# foldingbikes.co.uk



## Pottsy (7 Aug 2009)

Anyone used this website to order a bike? It seems to be a part of Avon Valley Cyclery.

I thinking of ordering a bespoke Brompton and they have a free s-type bag offer there so I was thinking of using them. Just checking no-one has had a bad experience.

Thanks in advance.


----------



## CharlieB (8 Aug 2009)

I've not encountered them before, so I can't comment on their efficiency or customer service. What I would say from experience is don't attach too much credence to the 4-6 weeks delivery time quoted on their site for a bespoke Brompton.
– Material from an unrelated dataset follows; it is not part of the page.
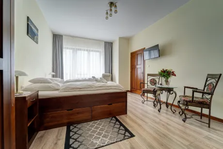 Planujesz wypoczynek i szukasz komfortowego miejsca na pobyt? W naszym pensjonacie oferujemy szeroki wybór pokoi, które spełnią oczekiwania zarówno osób podróżujących w pojedynkę, jak i rodzin czy grup przyjaciół. Każdy pokój został starannie przygotowany, aby zapewnić Ci wygodę, prywatność i spokojny wypoczynek. Bez względu na to, czy cenisz sobie przytulną atmosferę, czy potrzebujesz więcej przestrzeni, znajdziesz u nas idealne rozwiązanie. Nasze pokoje są wyposażone w wszystko, czego potrzebujesz do relaksu po aktywnym dniu – od wygodnych łóżek, przez funkcjonalne meble, aż po estetyczny wystrój, który tworzy przyjemną atmosferę.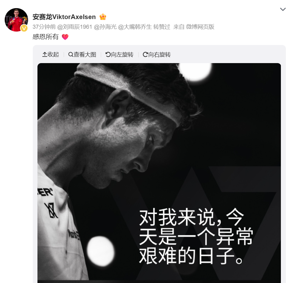 “对我而言,羽毛球从来都不只是一份职业,它就是我的生命。为了这项运动,我已竭尽所能,无愧于心。”

A lot of people are now in their 4th month of waiting from other suppliers.


----------



## byegad (8 Aug 2009)

I've used Avon Valey and they are one of the good guys.


----------



## TheDoctor (8 Aug 2009)

CharlieB said:


> I've not encountered them before, so I can't comment on their efficiency or customer service. What I would say from experience is don't attach too much credence to the 4-6 weeks delivery time quoted on their site for a bespoke Brompton. A lot of people are now in their *4th month of waiting* from other suppliers.



La la la la la, TheDoctor can't hear you!!!!!!
[/fingers in ears]

Been waiting a couple of months myself now. Humph!!!!
That's from Wheelies as an insurance replacement.


----------



## ufkacbln (8 Aug 2009)

Brilliant...

I had a frame failure on my Airnimal.

Posted back, stripped, frame replaced, and sent back within ten days!

So they also have the follow up as well.

However unless you have a large wallet....

"STAND AWAY from the bike shop!"

I have visited on three occasions and now have a Birdy, a Brompton and an Airnimal to prove it!


----------